TASK INSTRUCTIONS: Do not copy the pictures. Write out the lines from the start of the entries through the line containing "黄豆洗净。红枣去核洗净。枸杞洗净。核桃去壳洗净".

DATA:
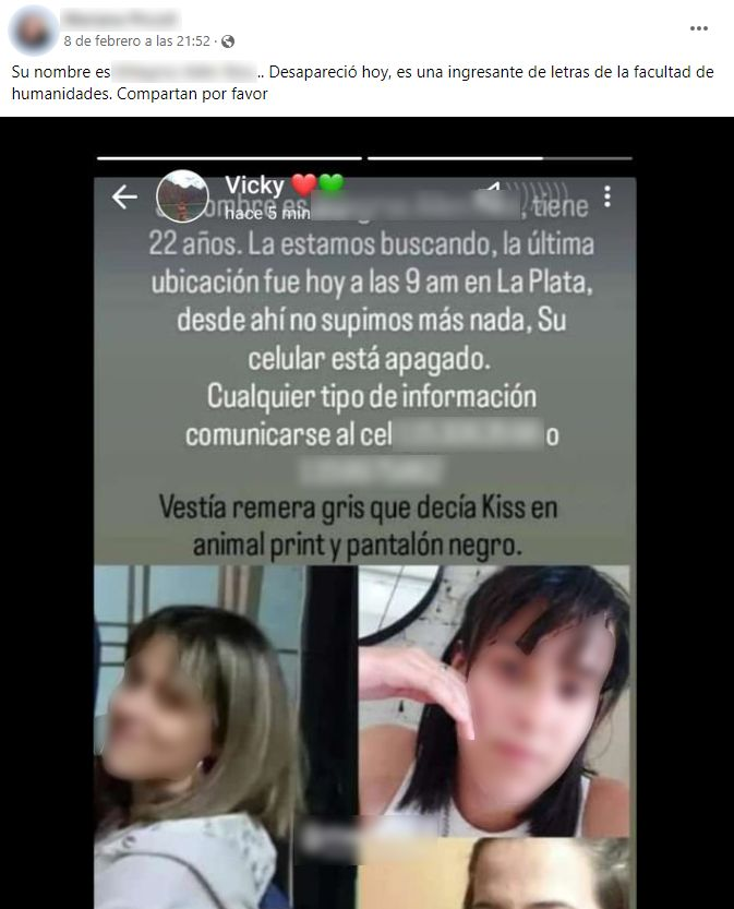M.A.R. fue hallada sana y salva tras casi 2 días de búsqueda en La Plata el sur del conurbano bonaerense, dado que es estudiante de la Universidad Nacional de La Plata pero vive en la ciudad de Berazategui.
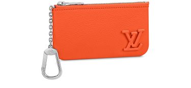 Louis Vuitton’s compact, practical Key Pouch now comes in an eye-grabbing shade of lustrous orange. Supple Aerogram leather is adorned with the “LV” monogram in tone-on-tone metal. Great for carrying coins and cards as well as keys, it features a chain and hook to clip it onto a larger bag for a splash of color.
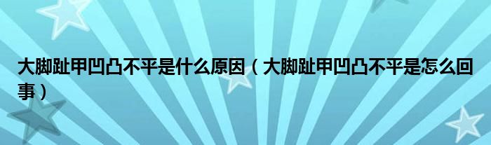 大家好,linda来为大家解答以上的问题。大脚趾甲凹凸不平是什么原因,大脚趾甲凹凸不平是怎么回事很多人还不知道,现在让我们一起来看看吧!
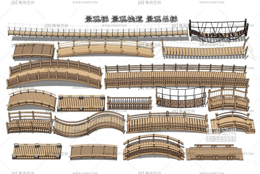 木桥 吊桥 拱桥,木吊桥su模型su草图模型下载
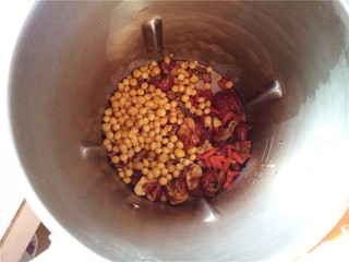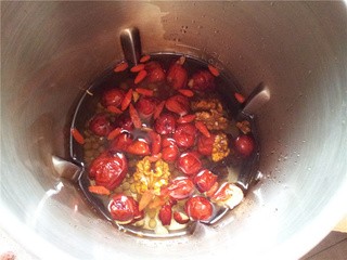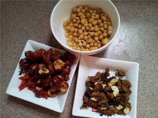 黄豆洗净。红枣去核洗净。枸杞洗净。核桃去壳洗净
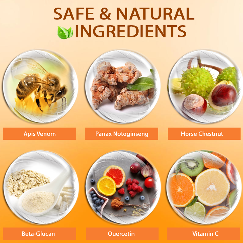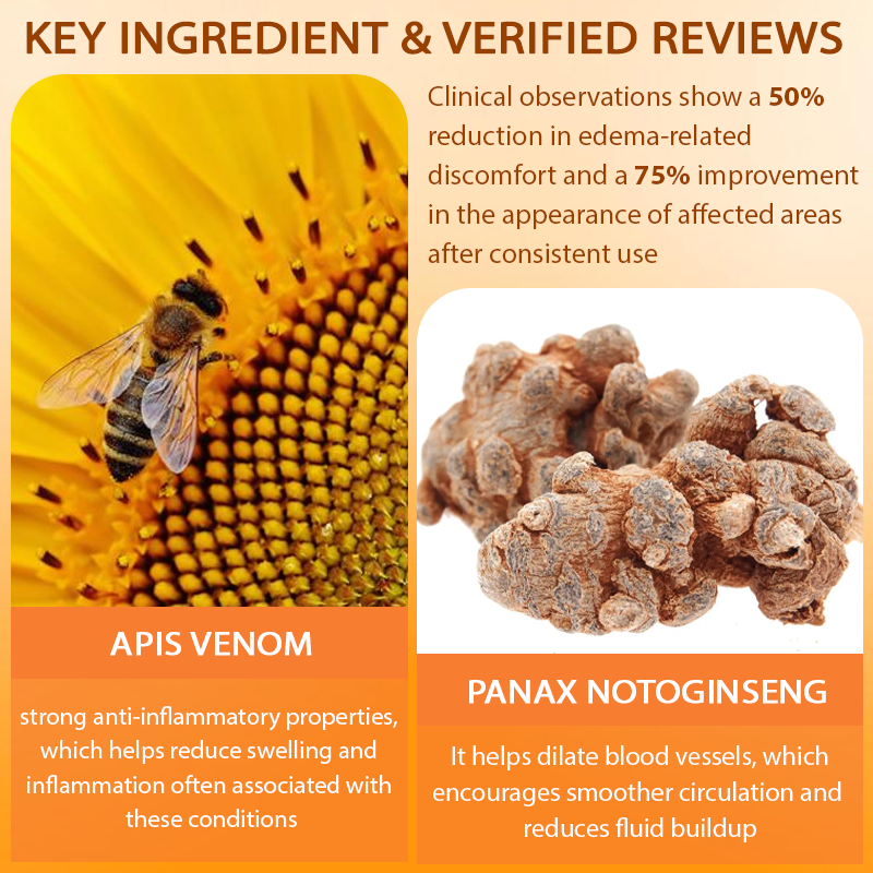 EdemaCare™ ApisVenom DrainageBody Cream combines powerful ingredients to improve lymphatic drainage and reduce swelling. Apis venom helps reduce inflammation and promotes fluid drainage, while Panax notoginseng extract supports blood circulation and strengthens veins. Horse Chestnut extract alleviates swelling and enhances vein health, while Beta-Glucan and Quercetin provide antioxidant protection and reduce inflammation. Vitamin C supports collagen production, helping to improve skin elasticity and overall vascular health.

EXERCISE RESULT:
M.A.R. fue hallada sana y salva tras casi 2 días de búsqueda en La Plata el sur del conurbano bonaerense, dado que es estudiante de la Universidad Nacional de La Plata pero vive en la ciudad de Berazategui.
 Louis Vuitton’s compact, practical Key Pouch now comes in an eye-grabbing shade of lustrous orange. Supple Aerogram leather is adorned with the “LV” monogram in tone-on-tone metal. Great for carrying coins and cards as well as keys, it features a chain and hook to clip it onto a larger bag for a splash of color.
 大家好,linda来为大家解答以上的问题。大脚趾甲凹凸不平是什么原因,大脚趾甲凹凸不平是怎么回事很多人还不知道,现在让我们一起来看看吧!
 木桥 吊桥 拱桥,木吊桥su模型su草图模型下载
 黄豆洗净。红枣去核洗净。枸杞洗净。核桃去壳洗净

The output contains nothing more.